Working data: Begin

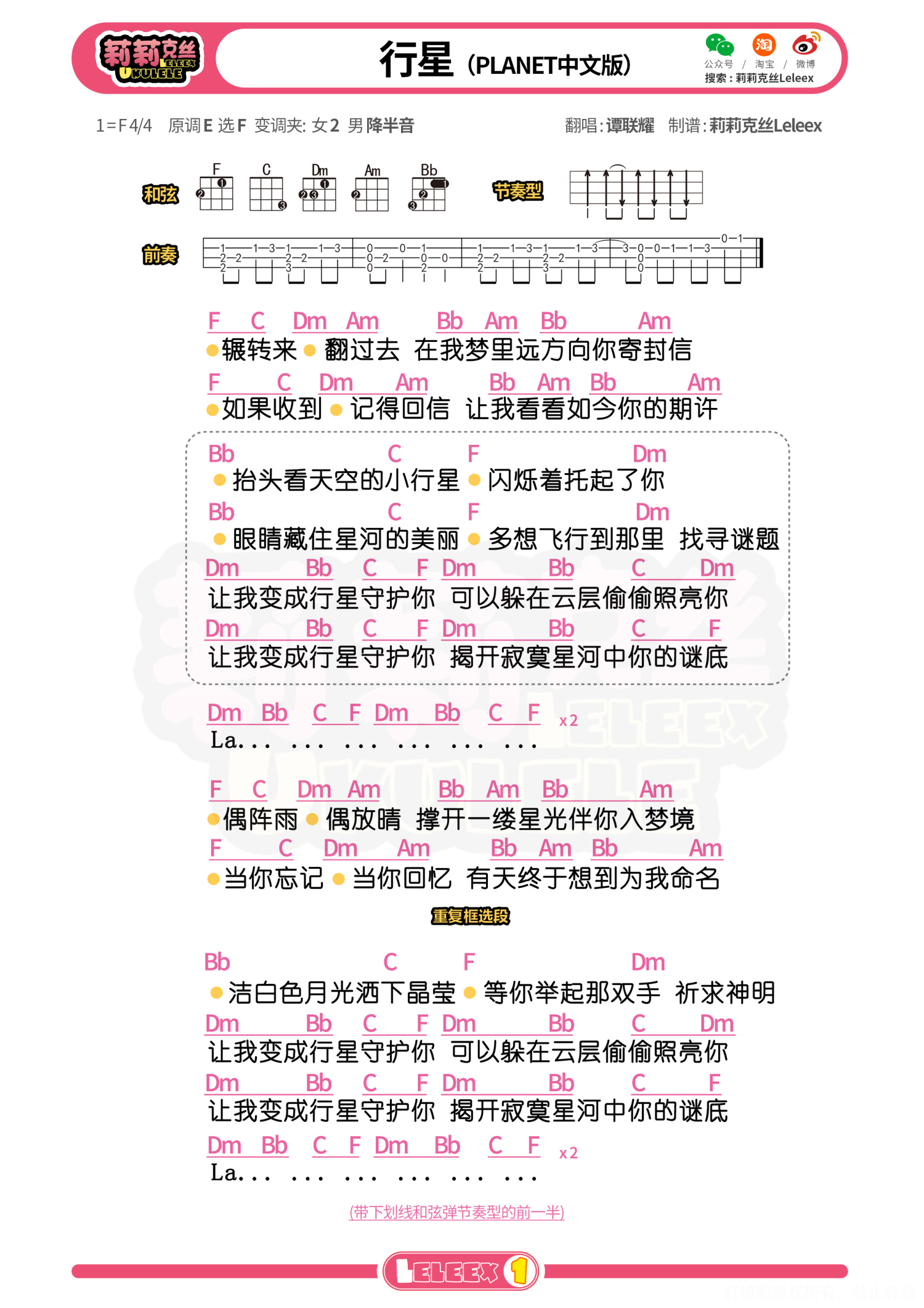 曲谱介绍: 「行星Planet」尤克里里曲谱 更多尤克里里曲谱/教学  关注@莉莉克丝Leleex
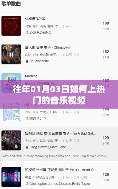 随着互联网的普及和社交媒体的飞速发展,音乐视频已成为大众娱乐生活的重要组成部分,特别是在每年的年初,人们渴望通过新鲜的音乐视频来迎接新的一年,本文将探讨在往年01月03日,如何制作和推广音乐视频以吸引更多关注,成功登上热门榜单。
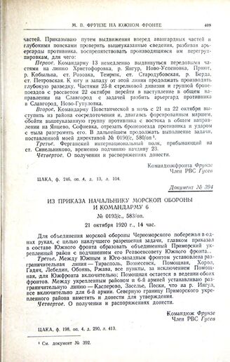 Из приказа начальнику морской обороны и командарму 6. № 0193/с., 583/оп. 21 октября 1920 г., 14 час // ЦАКА, ф. 198, оп. 4, д. 290, л. 413.
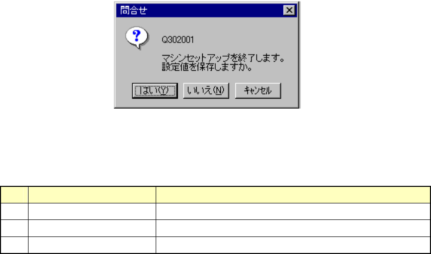 マシンセットアップグループで設定値の変更を行った場合に、保存を行うかどうかの問い合わせダ
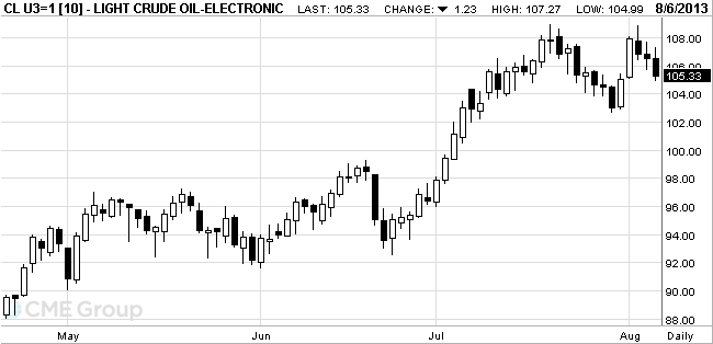 Цена сентябрьских фьючерсов на североморскую нефтяную смесь марки Brent снизилась на 94 цента, или на 0,9 процента, до $ 107,76 за баррель на лондонской бирже ICE Futures Europe.
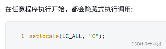 setlocale 函数⽤于修改当前地区,可以针对⼀个类项修改,也可以针对所有类项。 setlocale 的第⼀个参数可以是前⾯说明的类项中的⼀个,那么每次只会影响⼀个类项,如果第⼀个参数是LC_ALL,就会影响所有的类项。 C标准给第⼆个参数仅定义了2种可能取值: "C" (正常模式)和 " " (本地模式)。
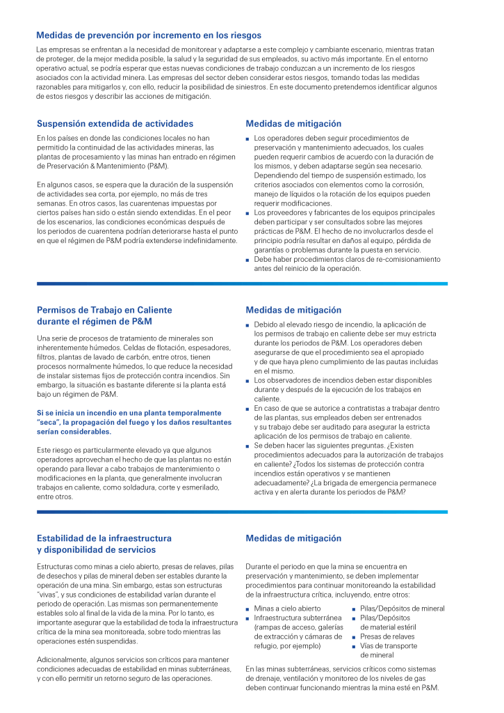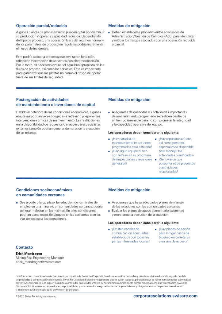 en el sector Minero«, elaborada por los expertos en Risk Engineering Services de Swiss Re Corporate Solutions. En ese sentido, el documento detalla que, el sector minero está siendo afectado por la crisis derivada de COVID-19, y su impacto y consecuencias dependen de diferentes variables, tales como:
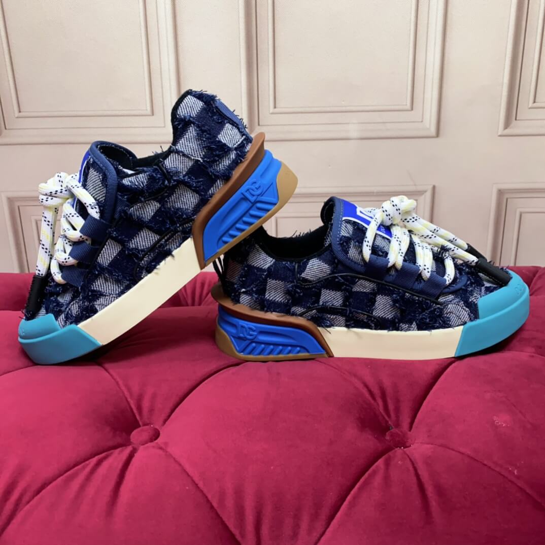 Step into vibrant craftsmanship with the Dior B25 Artisan Pop Sneakers — a bold fusion of classic textile and colorful modern flair. Showcasing a navy blue and white checkered tweed upper with raw, frayed edges, these sneakers are brought to life by thick cream and yellow rope laces and playful aqua toe caps. The midsole features a warm cream tone, contrasted by a caramel heel guard and vivid blue detailing, making this pair a standout choice for eclectic, fashion-forward dressers.
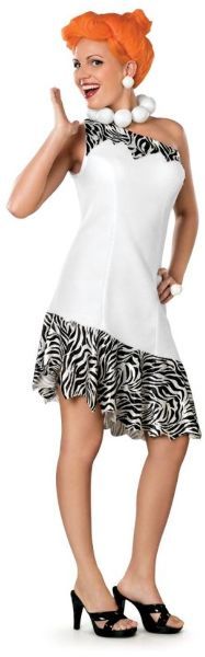 One shoulder white and black print dress, orange wig and "pearl" necklace. Teen Extra Small fits girl's size 4-6. Polyester." Sold Individually
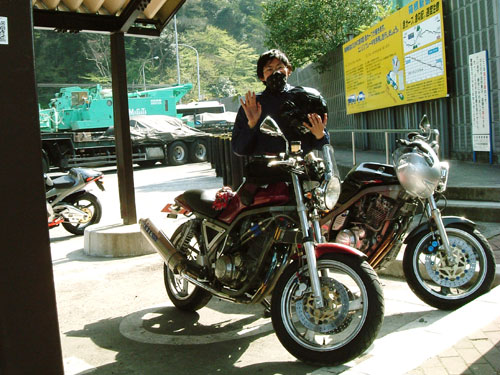 こちらもzero氏のお連れのMONSTER乗りの方。(ごめんなさい、名前を失念しました。) そして、18年間、1JK一筋。隅までめちゃくちゃキレイに手入れされた愛車を駆るzero氏です。 …と言う訳で、この後、いつもと違う道を通ってビミョーに迷ったりしつつ、今回も無事終了いたしました。 うろ憶えの道なのに、無責任に「山伏峠に行こう!」などとほざいた管理人が悪い。 |

Working data: End

**Exercise instructions:** Write out, word for word, the lines from the first line of the entries through the one containing "en el sector", both included. Leave out the pictures.

**Solution:**
 曲谱介绍: 「行星Planet」尤克里里曲谱 更多尤克里里曲谱/教学  关注@莉莉克丝Leleex
 随着互联网的普及和社交媒体的飞速发展,音乐视频已成为大众娱乐生活的重要组成部分,特别是在每年的年初,人们渴望通过新鲜的音乐视频来迎接新的一年,本文将探讨在往年01月03日,如何制作和推广音乐视频以吸引更多关注,成功登上热门榜单。
 Из приказа начальнику морской обороны и командарму 6. № 0193/с., 583/оп. 21 октября 1920 г., 14 час // ЦАКА, ф. 198, оп. 4, д. 290, л. 413.
 マシンセットアップグループで設定値の変更を行った場合に、保存を行うかどうかの問い合わせダ
 Цена сентябрьских фьючерсов на североморскую нефтяную смесь марки Brent снизилась на 94 цента, или на 0,9 процента, до $ 107,76 за баррель на лондонской бирже ICE Futures Europe.
 setlocale 函数⽤于修改当前地区,可以针对⼀个类项修改,也可以针对所有类项。 setlocale 的第⼀个参数可以是前⾯说明的类项中的⼀个,那么每次只会影响⼀个类项,如果第⼀个参数是LC_ALL,就会影响所有的类项。 C标准给第⼆个参数仅定义了2种可能取值: "C" (正常模式)和 " " (本地模式)。
 en el sector Minero«, elaborada por los expertos en Risk Engineering Services de Swiss Re Corporate Solutions. En ese sentido, el documento detalla que, el sector minero está siendo afectado por la crisis derivada de COVID-19, y su impacto y consecuencias dependen de diferentes variables, tales como:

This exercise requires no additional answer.